# Using the Pandas Package for Data Analysis, pt.1

This notebook will walk us through a quick tutorial in using the pandas package for data anlysis with python.

### Overview of Tutorial

Over the next 2 class sessions, we will use this tutorial to cover the following processes:

*Day 1*
1. importing the pandas package 
2. creating a dataframe
3. exploring our dataframe's attributes

*Day 2*
4. using functions to filter our data
5. using functions to merge and join our data
6. creating a subset and exporting as a new .csv file

### Acknowledgements

This Pandas tutorial has been adapted from materials provided by the excellent staff at the Davis Library Research Hub.

For more detailed examples and exericses, see thier [Python: Intro to Data lessons](https://unc-libraries-data.github.io/Python/Intro/Introduction_CrashCourse.html)

### Importing Pandas

#### Packages
Packages provide additional tools and functions not present in base Python. Python includes a number of packages to start with, the Anaconda distribution which we've all downloaded for Unit 3 comes with the "Pandas" package already installed.

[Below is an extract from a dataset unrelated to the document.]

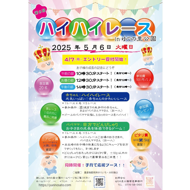 | 対象 | ハイハイでの移動ができる、未歩行の赤ちゃん(レース開催時1歳0ヶ月まで)と、そのご家族様 |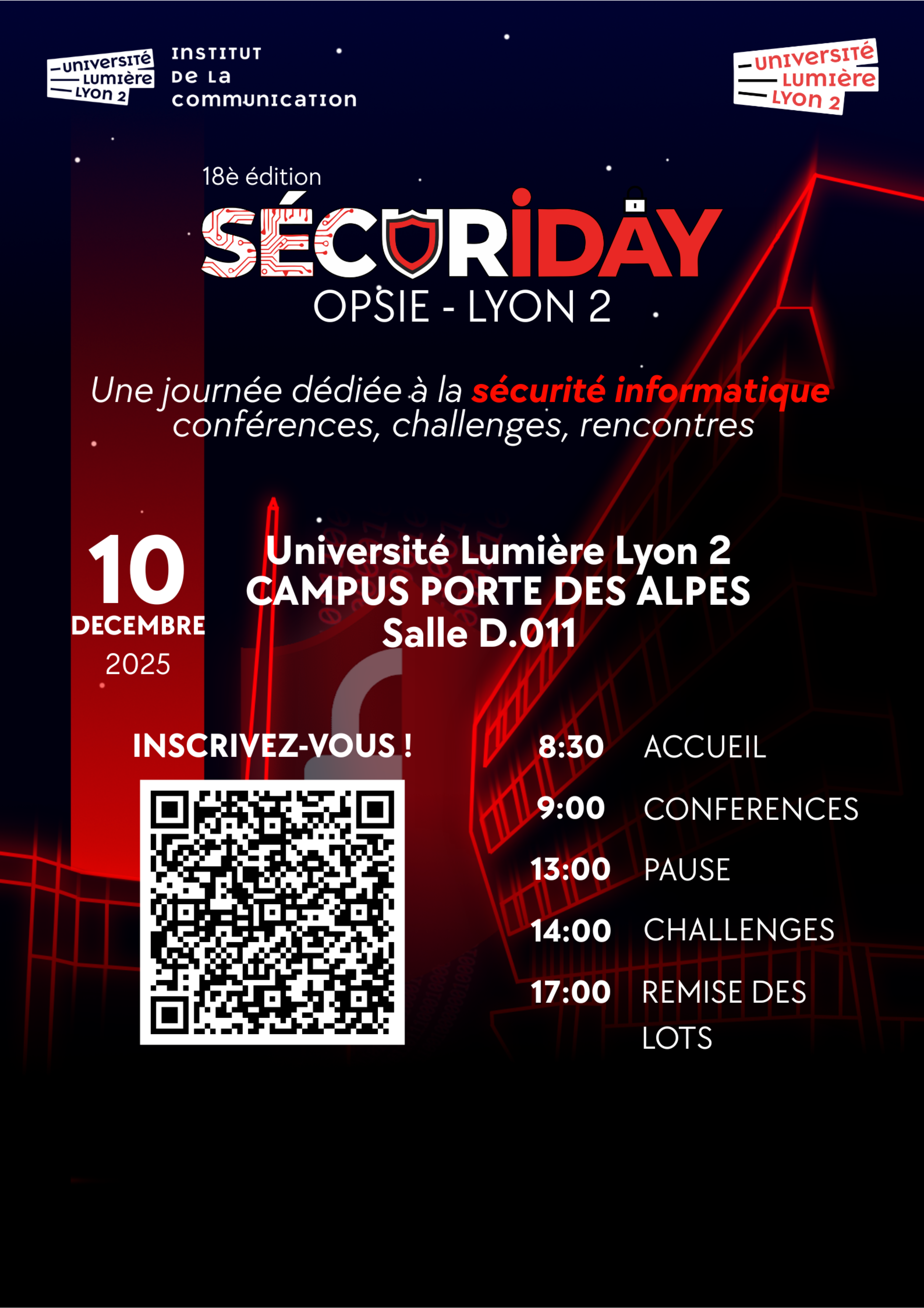 Organisé par les étudiants et étudiantes du Master 2 OPSIE de l’ICOM, l’événement invite tous ceux et celles qui s’intéressent à la sécurité informatique — étudiants, étudiantes, passionnés, passionnées ou professionnels et professionnelles — à découvrir les tendances du secteur, échanger avec des experts et relever des défis pratiques.

Once you've installed a package, you can load it into your current Python session with the import function. Otherwise these functions will not be available.


#### Pandas

Like spreadsheets in Microsoft Excel, Pandas allows us to store our data in tabular, multi-dimensional objects (dataframes) with familiar features like rows, columns, and headers. This is useful because it makes management, manipulation, and cleaning of large datasets much easier than would be the case using Python's built-in data structures such as lists. Pandas also provides a wide range of useful tools for working with data once it has been stored and structured.

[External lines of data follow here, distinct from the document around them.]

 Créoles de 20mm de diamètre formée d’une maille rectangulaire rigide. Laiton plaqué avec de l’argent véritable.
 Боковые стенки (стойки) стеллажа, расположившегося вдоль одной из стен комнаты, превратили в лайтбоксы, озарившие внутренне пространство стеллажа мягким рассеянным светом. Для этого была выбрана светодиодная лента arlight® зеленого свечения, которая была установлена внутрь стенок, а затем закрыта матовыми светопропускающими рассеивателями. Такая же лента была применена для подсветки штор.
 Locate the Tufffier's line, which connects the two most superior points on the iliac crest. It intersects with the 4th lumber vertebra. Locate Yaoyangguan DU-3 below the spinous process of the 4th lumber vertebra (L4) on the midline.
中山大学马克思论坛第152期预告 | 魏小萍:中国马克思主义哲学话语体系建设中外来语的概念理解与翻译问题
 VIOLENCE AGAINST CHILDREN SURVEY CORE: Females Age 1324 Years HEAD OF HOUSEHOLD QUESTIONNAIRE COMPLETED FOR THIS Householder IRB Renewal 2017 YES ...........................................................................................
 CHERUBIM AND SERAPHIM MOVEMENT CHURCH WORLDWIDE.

Begin by importing the pandas package using the following command:


In [54]:
import pandas as pd
import numpy as np

Notice that we load pandas with the usual `import pandas` and an extra `as pd` statement. This allows us to call functions from `pandas` with `pd.<function>` instead of `pandas.<function>` for convenience. `as pd` is **not** necessary to load the package.

### Creating a DataFrame

#### Working Directories & Relative Paths

By now, you should have either downloaded the csv file "CountyHealthData_2014-2015.csv" from canvas, or saved your own data as a csv file. I've stored my copy in the same folder as this Jupyter Notebook. **NOTE:** make sure that your csv file is saved in the same working directory as your .ipynb notebook file that you will use. 

Remember that Jupyter Notebooks automatically set your working directory to the folder where the .ipynb is saved. You'll have to save the document at least once to set your directory, but once there you can use what's called relative file paths to access the files there.

If a file is located in your working directory, its relative path is just the name of the file!

#### Using the `pd.read_csv()` function

`pd.read_csv` reads the tabular data from a Comma Separated Values (csv) file into a dataframe object that we'll define as `df`.

To create our dataframe object we'll define our object `df` by executing the `pd.read_csv()`function on our data file by inserting the relative file path into the parathenses.

In [55]:
df=pd.read_csv("CountyHealthData_2014-2015.csv")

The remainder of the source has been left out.